Да, она стройная и блондинистая, но чем больше выступов и углублений у тебя на лице, поучает ее зализанный молодой человек, тем лучше ты смотришься в кадре.
— Вот поэтому я и храню свою фотографию до, — говорит она. Потом подается вперед, наклоняется низко-низко, так что грудь прижимается к коленями, и роется в спортивной сумке, стоящей на полу. Она говорит: — Это единственное доказательство, что я не просто очередная блондинка с изящными формами. — Она вынимает из сумки какую-то бумажку, держа ее за уголок двумя пальцами. Это фотография, и блондинка говорит зализанному молодому человеку: — Пока люди ее не видят, они думают, что я такая и родилась. Они даже и не догадываются, что я сама себя сделала.
Чуть-чуть жирка на лице, говорит ей зализанный молодой человек, и ты совершенно не смотришься в кадре. Ты — никто. Маска. Луна в полнолуние. Большой ноль, совершенно не запоминающийся зрителям.
— Вот каким я была пузырем, но мне удалось сбросить вес, и это единственное, что я сделала героического в жизни, — говорит она. — Если я наберу его снова, то получится, что я вроде, как и не жила.
Понимаешь, говорит ей зализанный молодой человек, телекамера берет трехмерный объект — тебя, — и превращает его в двухмерное изображение. Вот почему в кадре ты смотришься толстым. Толстым и плоским.
Держа фотографию двумя ногтями, глядя на себя прежнюю, наша блондинка говорит:
— Не хочу быть просто очередной худышкой. Насчет ее «воспламеняющихся» волос зализанный молодой человек говорит:
— Поэтому в порнографии и не снимают рыжих. При студийном освещении рыжие волосы смотрятся неестественно.
Вот кем ему хочется быть, этому парню с зализанными волосами: камерой за камерой, что за камерой, выдающей истину в последней инстанции.
Каждому хочется, чтобы последнее слово всегда оставалось за ним. Каждому хочется поучать других, что хорошо, а что плохо. Как правильно и как неправильно.

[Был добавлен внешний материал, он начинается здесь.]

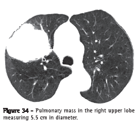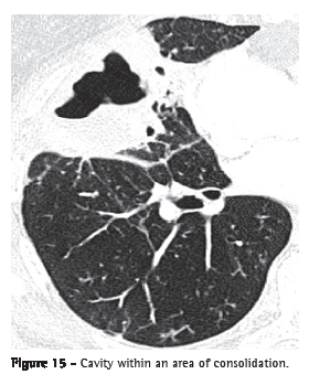 Cavities are gas-filled spaces, with or without air-fluid level, within a nodule, mass or pulmonary consolidation. They are typically produced by the expulsion or drainage of a necrotic part through the airway (Figure 15) or to the pleural space. The walls of a cavity are usually irregularly outlined and measure over 1 mm in thickness. The word "cavity" is not synonymous with "abscess". Although the term "cavitation" can be translated to Portuguese as cavitação or ­escavação, the term cavitação has a different meaning in Portuguese and therefore should not be used as a synonym for escavação in this context.(7)
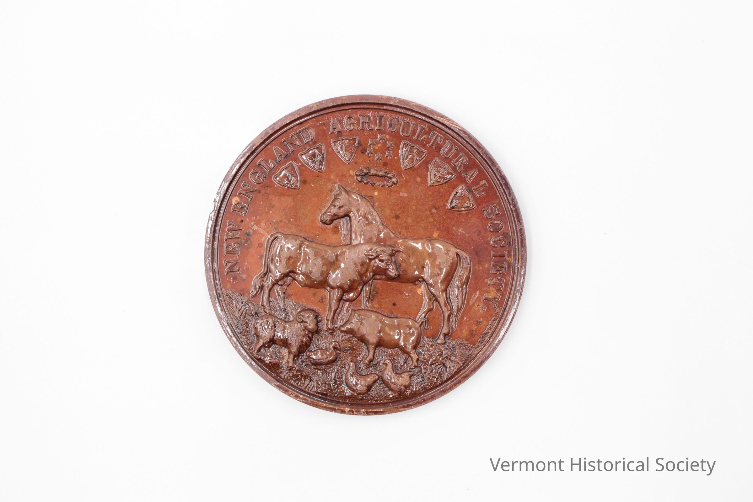 Bronze prize medal molded on the front with images of a horse, cow, pig, sheep, duck, and chickens and the inscription, "NEW ENGLAND AGRICULTURAL SOCIETY", along the top edge. The back is molded with a wreath made from produce with a shield at the center bottom engraved with the year 1881. The top center is molded with an arm holding a hammer and the words, "AWARDED TO". The center is engraved, "A. W. Gray & Sons For best Lifting Jack".Context
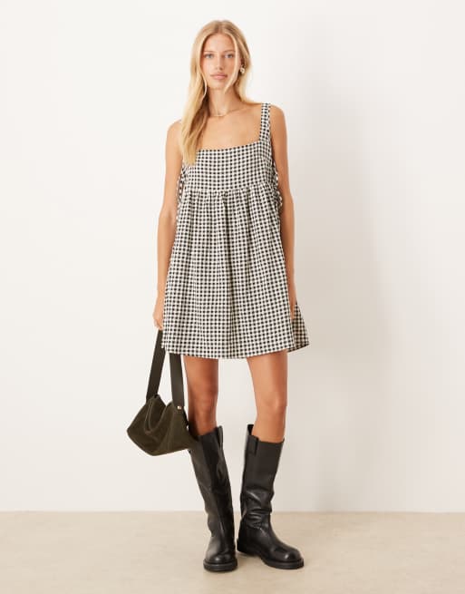 ASOS DESIGN – Czarna wiązana po bokach sukienka mini w stylu babydoll w kratkę vichy
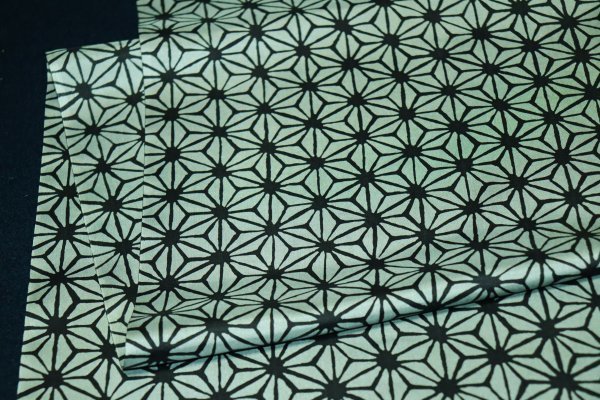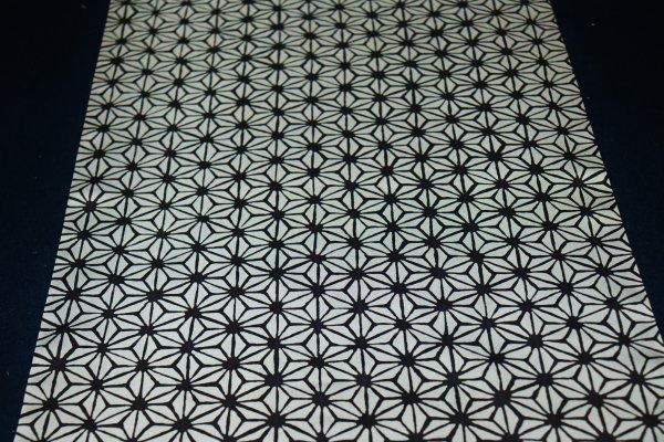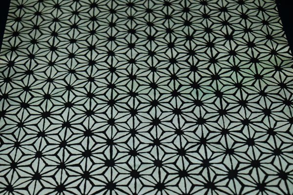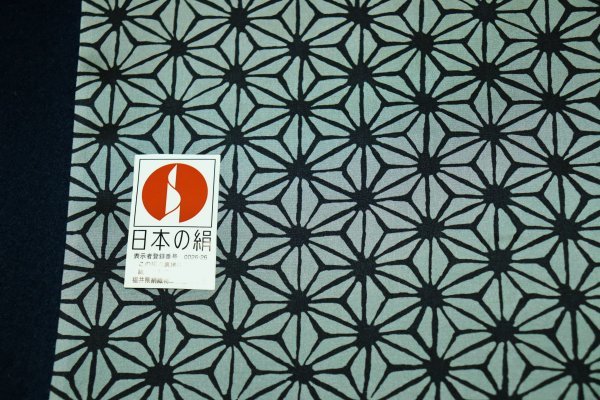 | 【京わぎれ】正絹 羽二重生地 コート裏 (羽裏・肩裏) 国産福井県産羽二重生地 麻の葉柄 黒×薄グレー 約5.8m アウトレット品① | ||||

Зализанный молодой человек объясняет нашей слишком блондинке, которая будет «бликовать» в кадре, что эти программы на местных студиях делятся на шесть блоков с рекламой в промежутках. Блок А, Блок В, Блок С и т.д. Эти программы, типа «Проснись и пой, Фарго» или «Новый день в Седоне», они уже вымирают. Для того чтобы заполнить эфирную сетку, дешевле купить права на показ готового ток-шоу с центральных каналов, чем снимать передачи самим.

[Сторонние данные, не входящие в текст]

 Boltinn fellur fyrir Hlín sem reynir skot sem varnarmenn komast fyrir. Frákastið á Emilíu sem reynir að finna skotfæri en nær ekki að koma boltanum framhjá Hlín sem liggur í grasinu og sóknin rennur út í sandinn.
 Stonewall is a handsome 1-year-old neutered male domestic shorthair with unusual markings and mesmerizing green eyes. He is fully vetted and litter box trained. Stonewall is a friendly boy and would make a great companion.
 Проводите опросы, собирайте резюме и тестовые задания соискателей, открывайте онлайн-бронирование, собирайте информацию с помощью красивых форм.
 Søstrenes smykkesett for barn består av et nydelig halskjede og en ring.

Вот такие промоушн-туры — это как будто гастроли эстрадных артистов. Переезжаешь из города в город, из отеля в отель, даешь единственное представление по местному телевидению или по радио. Продаешь свои щипцы для волос принципиально новой конструкции, или пятновыводитель, или тренажер-колесо для спортивных занятий.
У тебя есть семь минут, чтобы разрекламировать свой продукт. Это если тебя не впихнули в блок F — последнюю часть программы, когда половина ЗПВ уже переключилась на другие каналы, потому что предыдущие сюжеты были слишком затянутыми и нудными. А бывает и так, что тебя «срезают» вообще, потому что другие герои программы выступают настолько смешно и забавно, что их «держат» и после рекламы, с заходом на следующий блок. Или происходит прямое включение на тонущий лайнер.
Вот почему первый блок — самый лучший. Начинается передача, ведущая начитывает приветствие, и ты в эфире.
Все эти знания и хитрости мастерства, добытые тяжким трудом, очень скоро они будут вообще никому не нужны.
Быть может, поэтому зализанный молодой человек поучает нашу блондинку бесплатно. На самом деле, говорит он, ему надо было бы написать книгу. Воплощение Американской мечты: превратить свою жизнь в товар, который можно продать.
По-прежнему глядя на свою фотографию, где она еще толстая, блондинка говорит:
— Глупо, конечно, но эта фотка, где я корова коровой, — для меня это самое дорогое. — Она говорит: — Раньше я очень расстраивалась, когда на нее смотрела, но теперь это — единственное, что меня радует.
Она протягивает руку вперед и говорит:
— Я пью столько рыбьего жира, что от меня пахнет рыбой. — Она машет фоткой перед носом зализанного молодого человека. — Вот, понюхайте мою руку. — Рука пахнет рукой, кожей, мылом и бесцветным лаком для ногтей.
Он нюхает ее руку и берет фотографию. Там, на бумаге — плоское двухмерное изображение толстой коровы в джинсах с заниженной талией и коротеньком маленьком топике. Ее прежние волосы — совершенно обычные, среднестатистические каштановые.
Зализанный молодой человек одет безупречно: бледно-розовая рубашка, васильковый галстук, синий спортивный пиджак. Розовый оживляет цвет лица. Синий очень подходит к глазам. Еще до того, как ты начнешь говорить, объясняет он, ты должен быть презентабельным. Презентабельным, аккуратным и ухоженным гостем, которого не стыдно пустить в эфир. Придешь в мятой рубашке, в заляпанном галстуке — и тебя точно «зарежут», если понадобится сократить сюжет, потому что они не укладываются в формат.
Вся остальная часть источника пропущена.